## PROMPT:
Exact copies of the lines from the start of the records through the line with "ilçesine bağlı Keban" are what the answer must hold; pictures are not part of it.

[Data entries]
= Beginning of Section =

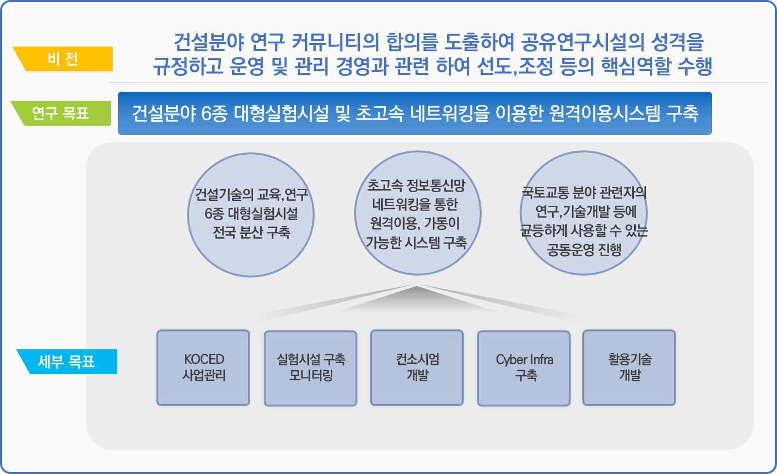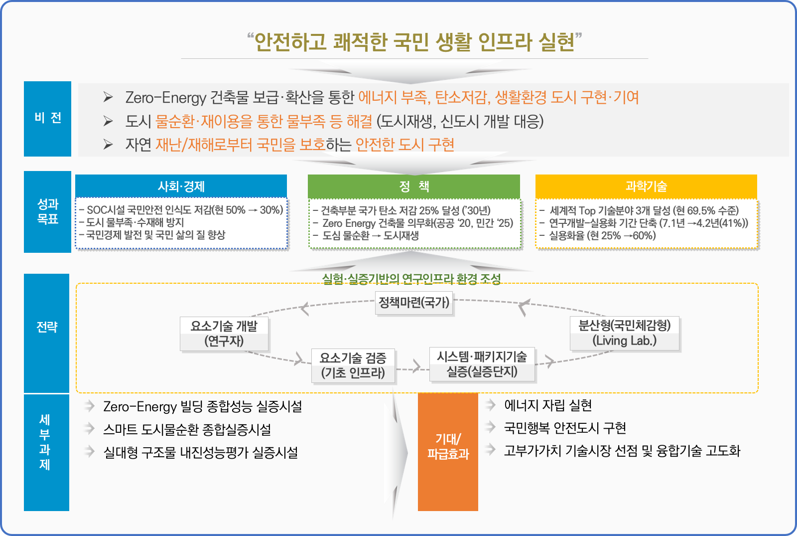 국토교통 신기술·R&D의 실용화·사업화 등 성과확산 및 선진국 수준의 기술력 확보를 통한 국민생활 안전 실현과 기술가치 창출을 위한 연구인프라 종합로드맵을 수립함
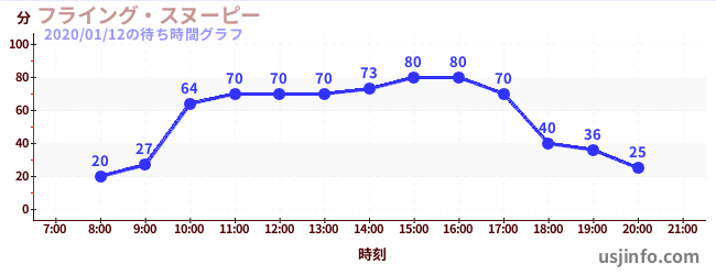 • フライング・スヌーピー$B$N(B2020年01月12日の待ち時間
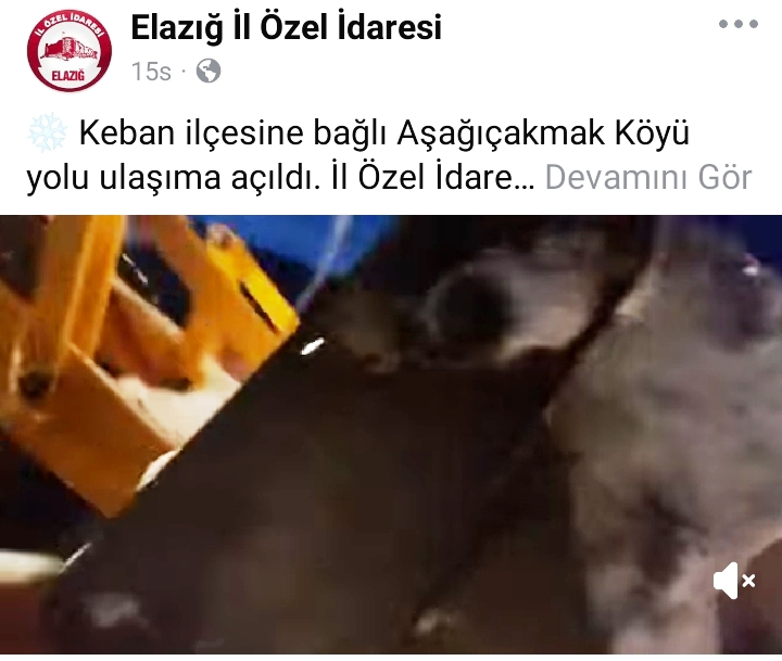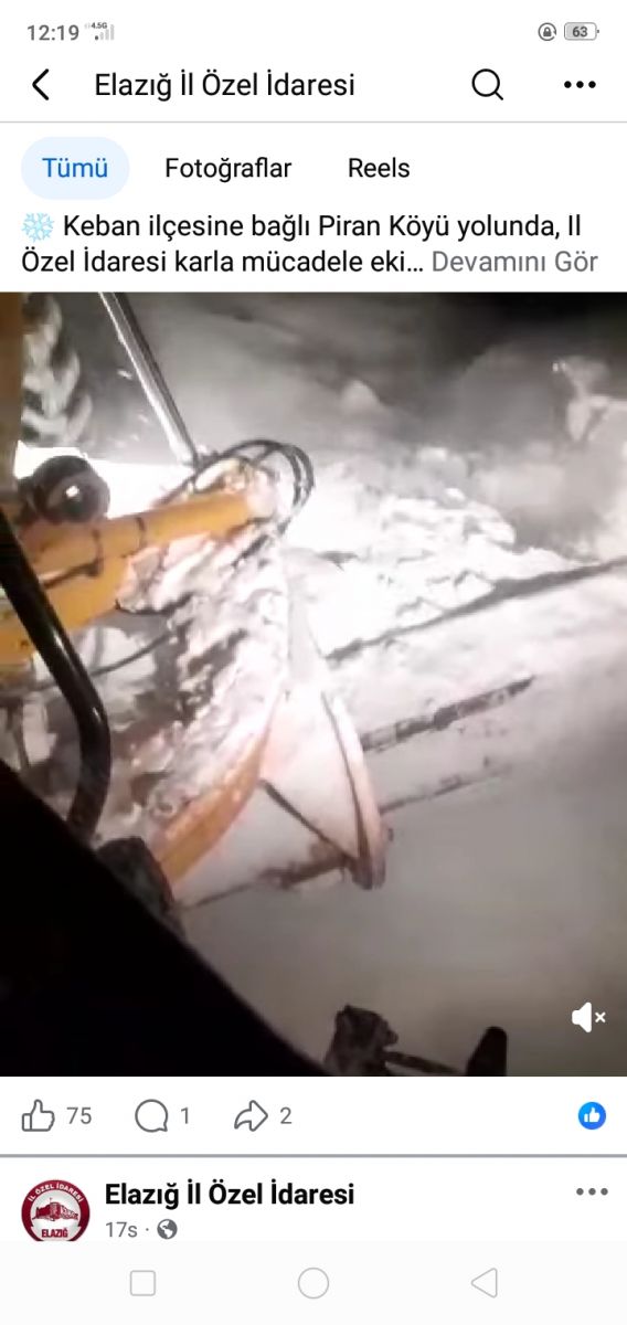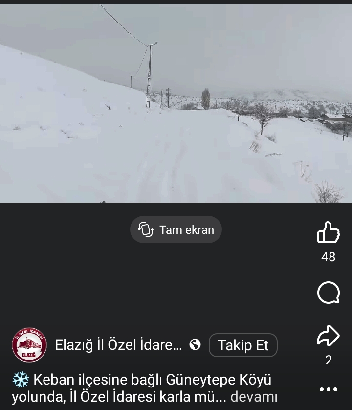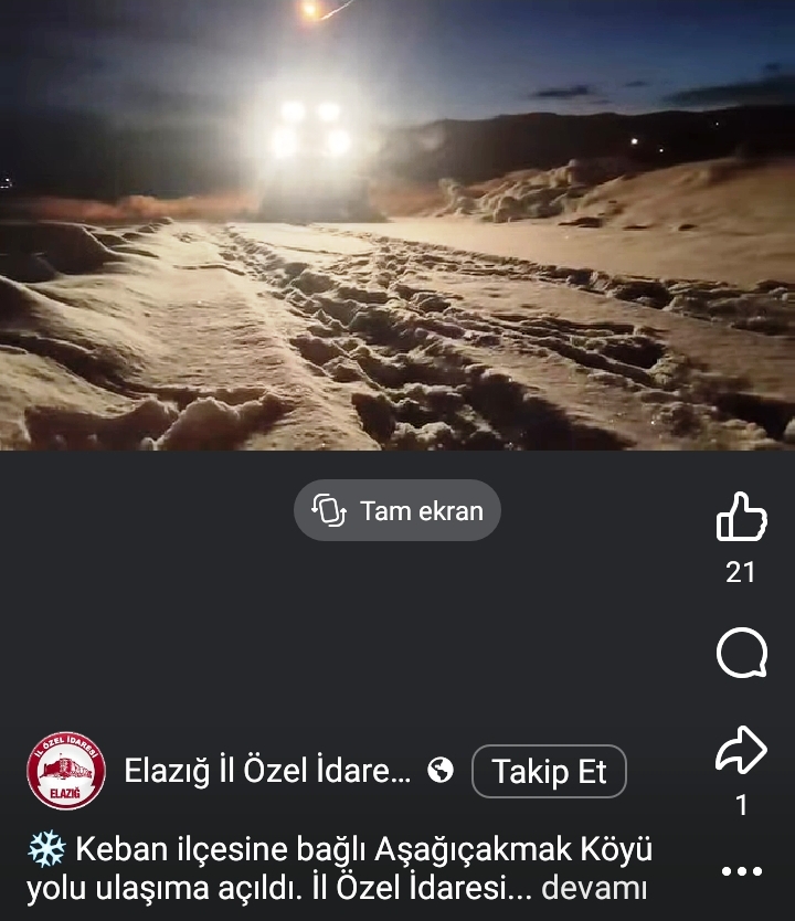 "Keban ilçesine bağlı Keban Aşağıçakmak-Güneytepe ve Piran Köyleri yolunda, İl Özel İdaresi karla mücadele ekiplerimizin çalışmaları sürüyor." İfadesi kullanıldı.
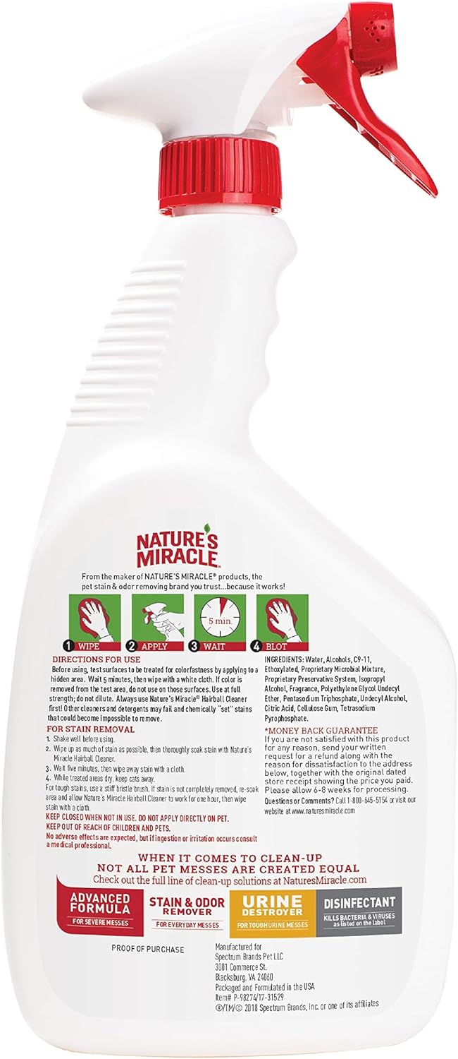 Nature’S Miracle Pet Stain And Odor Removers Have Been A Trusted Brand For Pet Mess Cleanup For More Than 35 Years. Whatever Pets Do, You Can Trust Nature’S Miracle Stain And Odor Removers, Training Aids, Disinfectants And Litter Products To Undo. As Cat Owners Know, With Cats Come Hairballs. At Nature’S Miracle Brand, We Know That Doesn’T Mean Your Home Needs To Suffer The Consequences! Nature’S Miracle Hairball Cleaner Is Designed To Lift And Separate Deep Stains Caused By Vomiting. Use The Cat Vomit And Hairball Formula On Carpets, Fabrics, Upholstery And Hard Surfaces. To Use, Simply Wipe, Apply, Wait Five Minutes And Blot! When Used And Stored As Directed, This Product Is Safe For Your Pets And Home. See Label For Complete List Of Instructions. Trust Nature’S Miracle Products For Finding Solutions For A Clean Home And A Happy, Healthy Pet
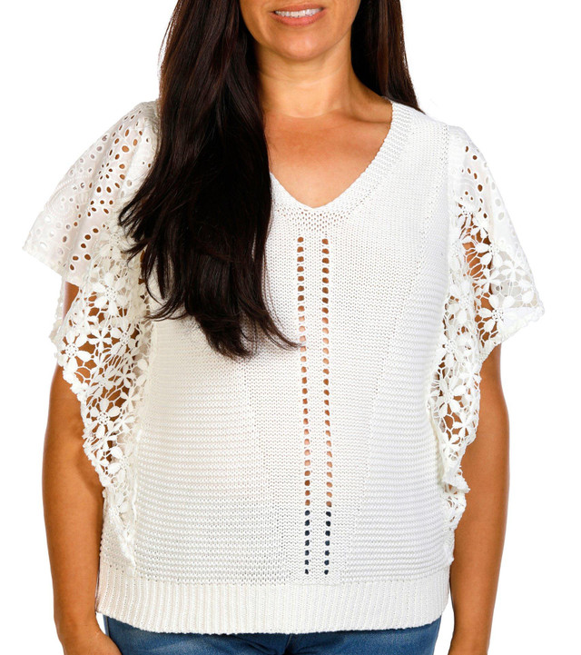 This plus size top features a soft solid knit exterior with a flattering v neckline. Flutter sleeves with eyelet detail and an open crochet design add a breezy and feminine touch, perfect for warm weather styling.
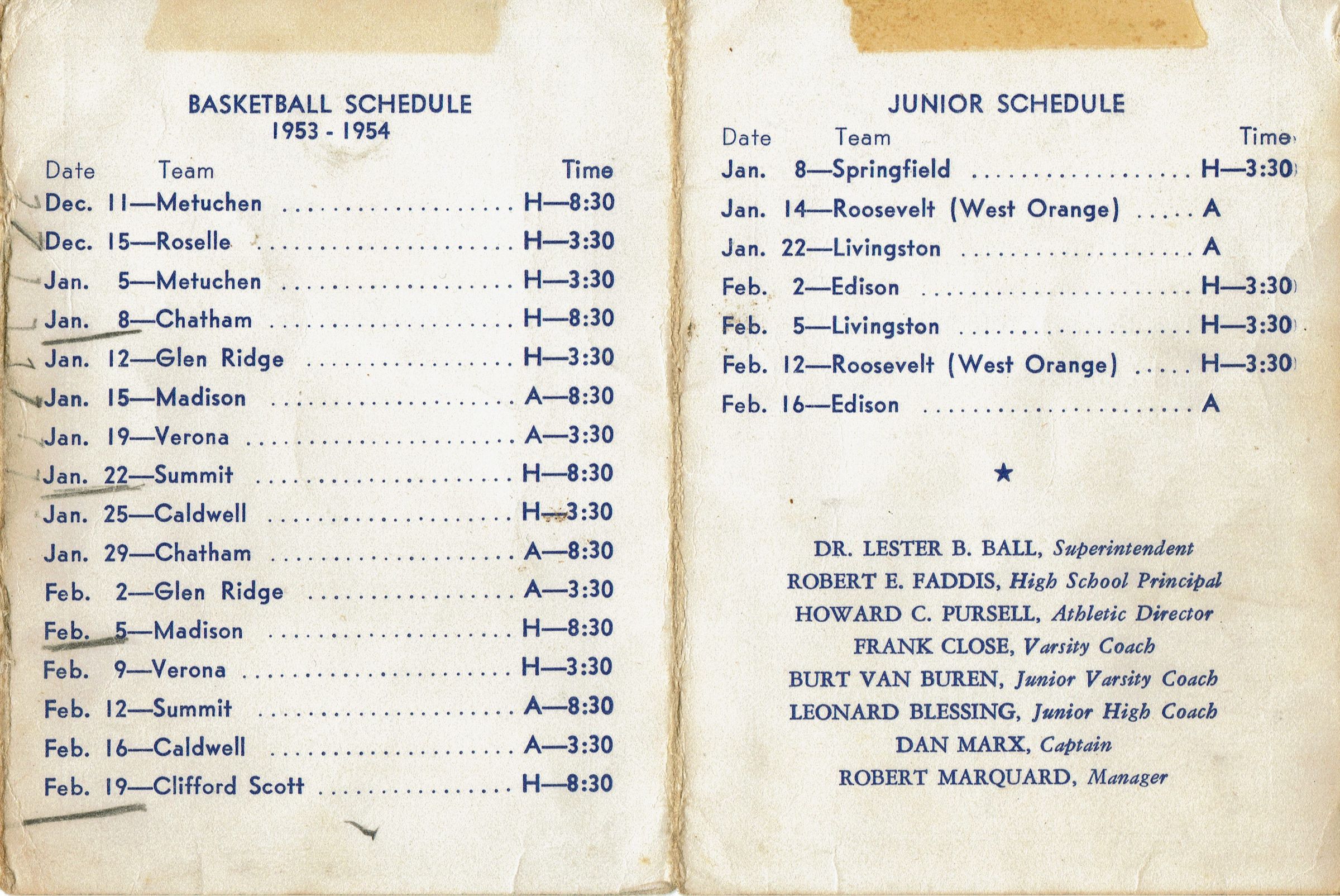 Millburn High School Basketball Schedule, 1953-4. 4 pp. Contains schedule for Varsity and Junior Varsity Teams. Advertisement for The Investors Savings and Loan Association, 64 Main Street on back cover. Dr. Lester B. Ball (Superintendent), Robert E. Faddis (High School Principal), Howard C. Pursell (Athletic Director), Frank Close (Varsity Coach), Burt Van Buren (Junior Varsity Coach), Leonard Blessing (Junior High Coach), Dan Marx (Captain), Robert Marquand (Manager).
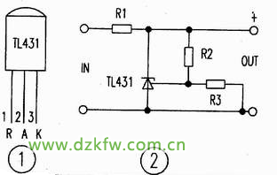 精密電壓基準IC TL431是T0—92封裝如圖1所示。其性能是輸出壓連續可調達36V,工作電流范圍寬達0.1。100mA,動態電阻典型值為0.22歐,輸出雜波低。圖2是TL431的典型應用,其中③、②腳兩端輸出電壓V=2.5(R2十R3)V/R3。如果改變R2的阻值大小,就可以改變輸出基準電壓大小。圖3是利用它作電壓基準和驅動外加場效應管K790作調整管構成的輸出電流大(約6A)、電路簡單、安全的穩壓電源。
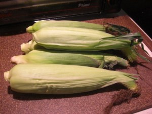 The corn’s gone already. We microwaved the ears in their husks and ate them up in three meals.
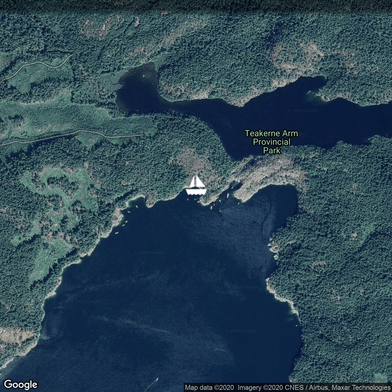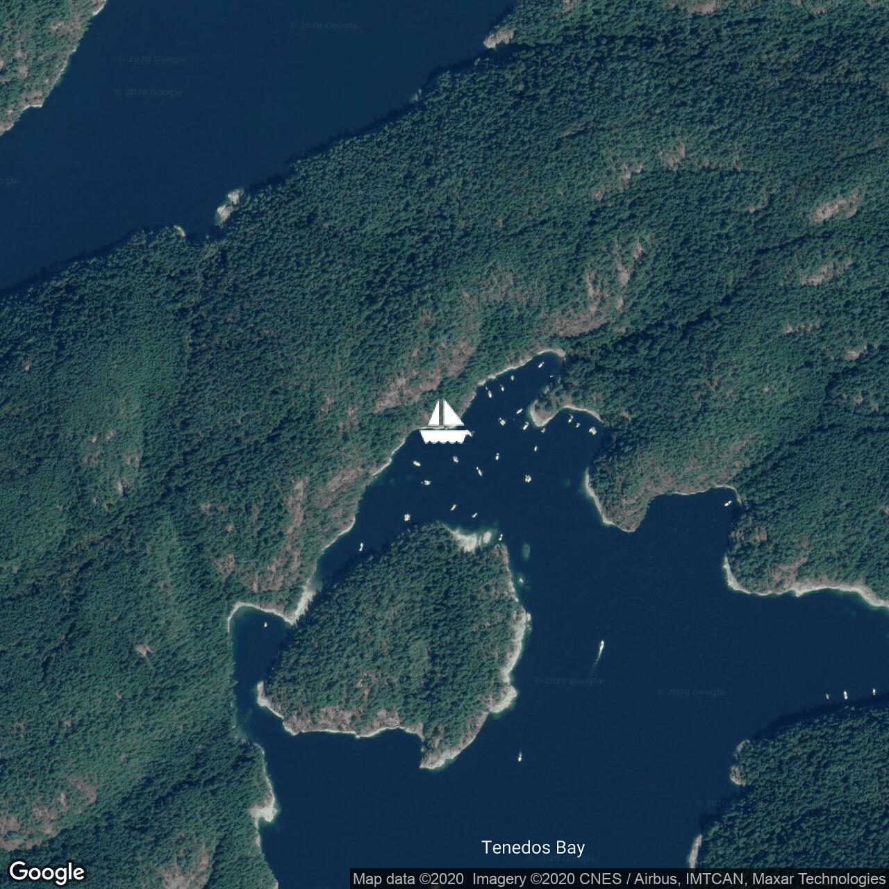 <p>Anchored with stern tie into a busy Princess Cove on Wallace Island. Busy boat with three adults and eight kids onboard.</p>

= End of Section =

## REPLY TO THE EXERCISE:
 국토교통 신기술·R&D의 실용화·사업화 등 성과확산 및 선진국 수준의 기술력 확보를 통한 국민생활 안전 실현과 기술가치 창출을 위한 연구인프라 종합로드맵을 수립함
 • フライング・スヌーピー$B$N(B2020年01月12日の待ち時間
 "Keban ilçesine bağlı Keban Aşağıçakmak-Güneytepe ve Piran Köyleri yolunda, İl Özel İdaresi karla mücadele ekiplerimizin çalışmaları sürüyor." İfadesi kullanıldı.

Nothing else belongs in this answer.